Canada is a party to the Convention on International Trade in Endangered Species of Wild Fauna and Flora (CITES). CITES is an international agreement between governments. Its aim is to ensure that international trade in specimens of wild animals and plants does not threaten their survival.

As a party to CITES, Canada has enacted legislation for enforcing the Convention.  This legislation is the Wild Animal and Plant Protection and Regulation of International and Interprovincial Trade Act (WAPPRIITA). Environment Canada is the lead federal agency responsible for enforcing WAPPRIITA.

In addition to the trade rules for CITES-regulated tree species, Section 6 (1) of WAPPRIITA states that "no person shall import into Canada any animal or plant that was taken, or any animal or plant, or any part or derivative of an animal or plant, that was possessed, distributed or transported in contravention of any law of any foreign state."

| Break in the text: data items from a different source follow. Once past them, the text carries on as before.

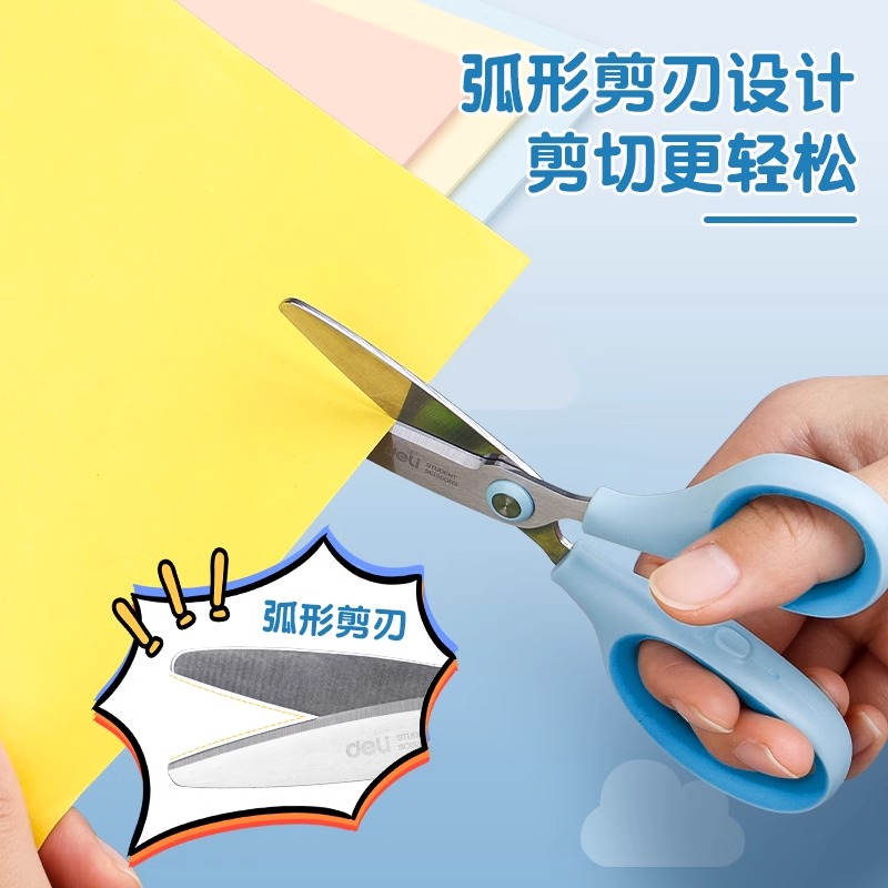 得力带保护套儿童剪刀安全手工剪刀小型小学生宝宝幼儿园专用小剪子特氟龙防锈不粘胶美工美术剪纸圆头不伤手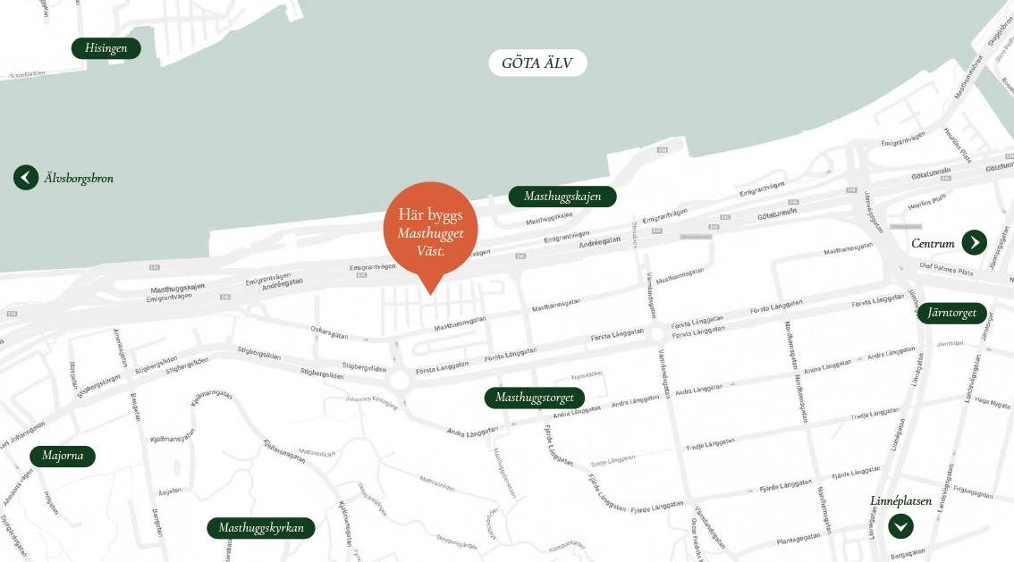 Masthuggskajen växer fram som en ny stadsdel vid älven - ett levande kvarter där arbete, möten och upplevelser möts. Här finns närhet till Järntorget, Linné och Majorna, med ett stort utbud av service, kultur och restauranger.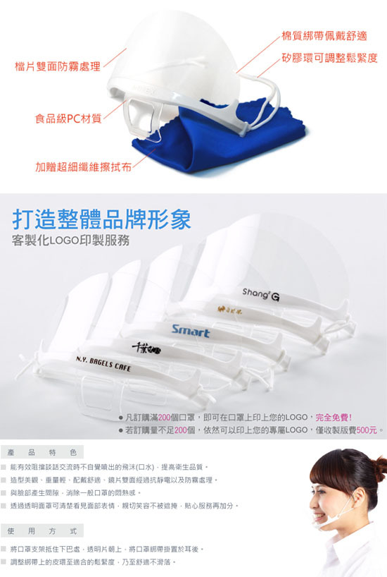 有別於一般口罩,透明口罩為環保PC材質,外型美觀大方,臉部表情不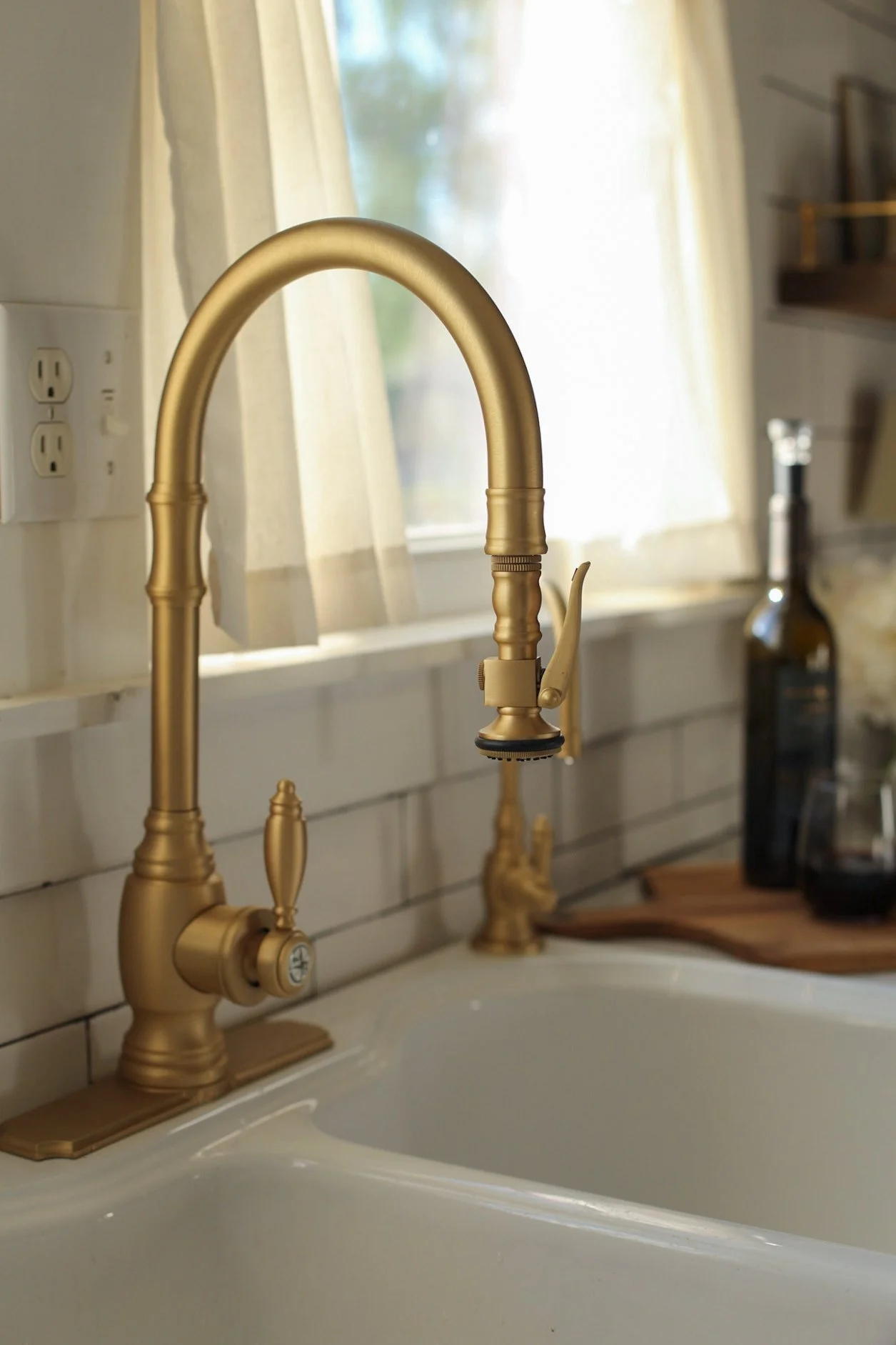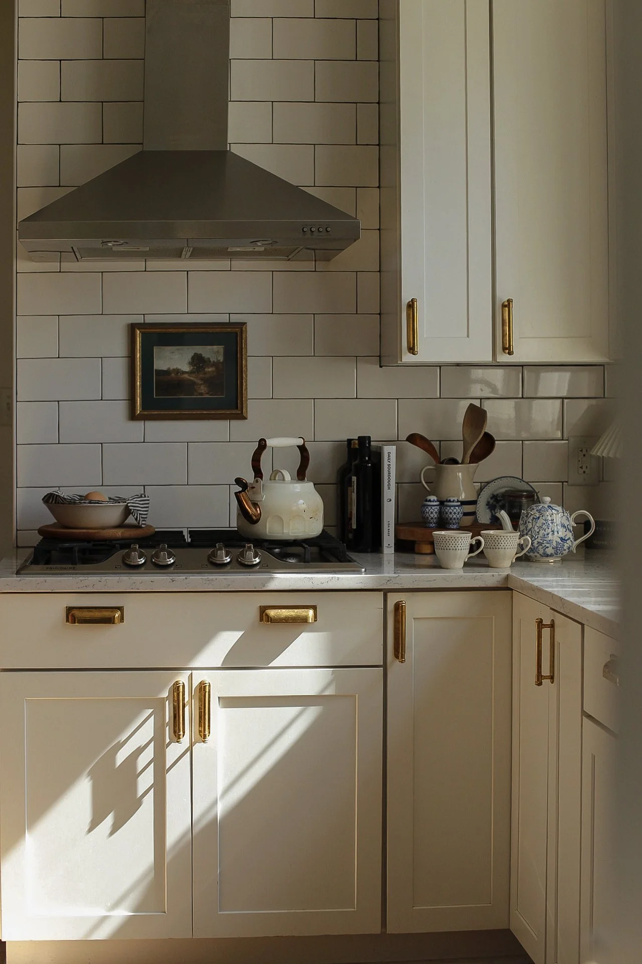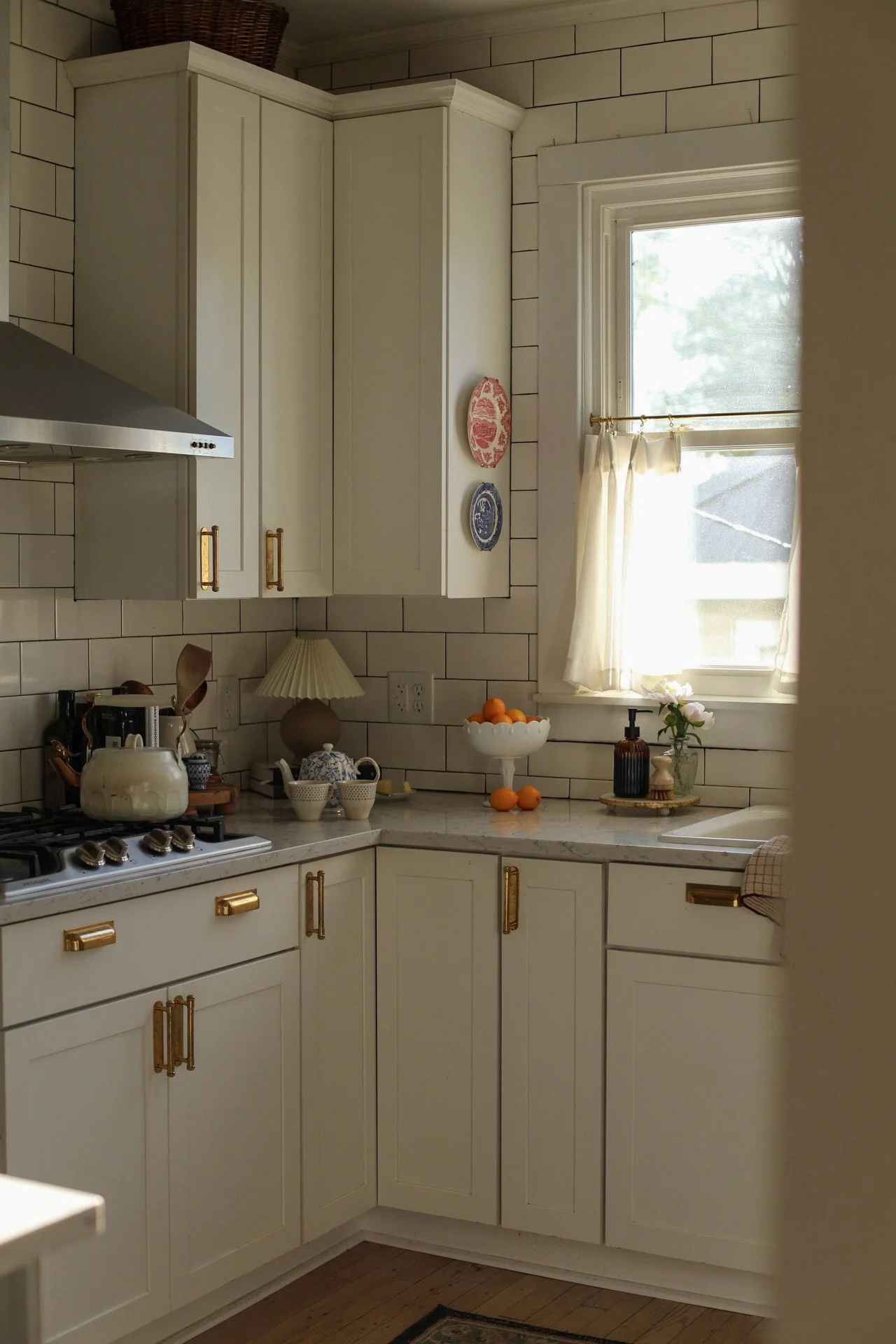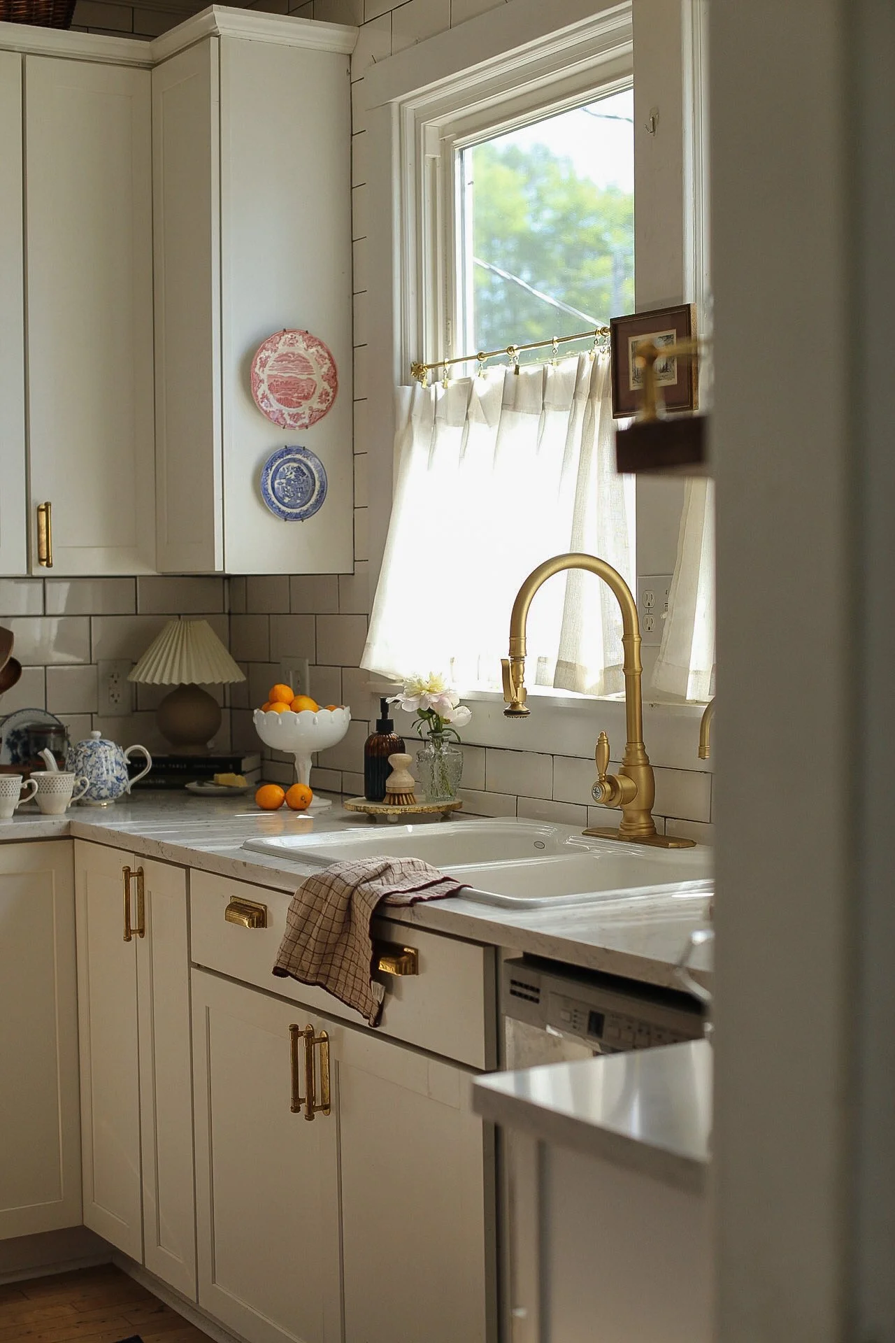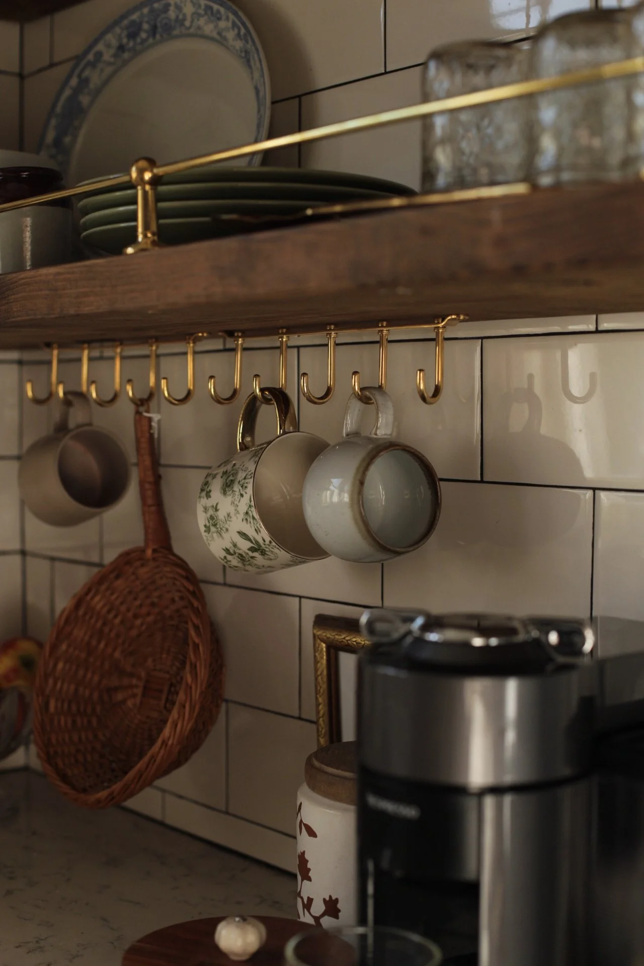 Our kitchen may be just 10x10, but it proves that small spaces can be both beautiful and hardworking. Designed with intention, every detail—from the layered lighting and unlacquered brass hardware to the gallery rail and vintage-inspired fixtures—was chosen to maximize function without sacrificing character. The compact layout makes gathering, cooking, and everyday living feel warm and connected, turning this modest kitchen into the true heart of our 1920s Craftsman home.

Environment and Climate Change Canada works with a broad range of partners, including the Canada Border Services Agency, to ensure that imports comply with CITES and with relevant legislation and regulations in foreign countries for non-CITES species.  Differentiating between wood products from CITES-listed tree species and other tree species can be technically challenging.

To help address this problem, Canada has created and distributed internationally the CITES Identification Guide – Tropical Woods and is working on means to increase the reliability of species identification on trade permits, customs forms, border declarations and associated documents.  For instance, through the Single Window Initiative, Canada is examining the feasibility of a digital coding system for taxonomic names that international customs and other regulatory authorities could use to better capture electronic trade data for plants and animals. Digital coding would enhance the ability to intercept timber and timber products from protected tree species, and perhaps also those harvested illegally.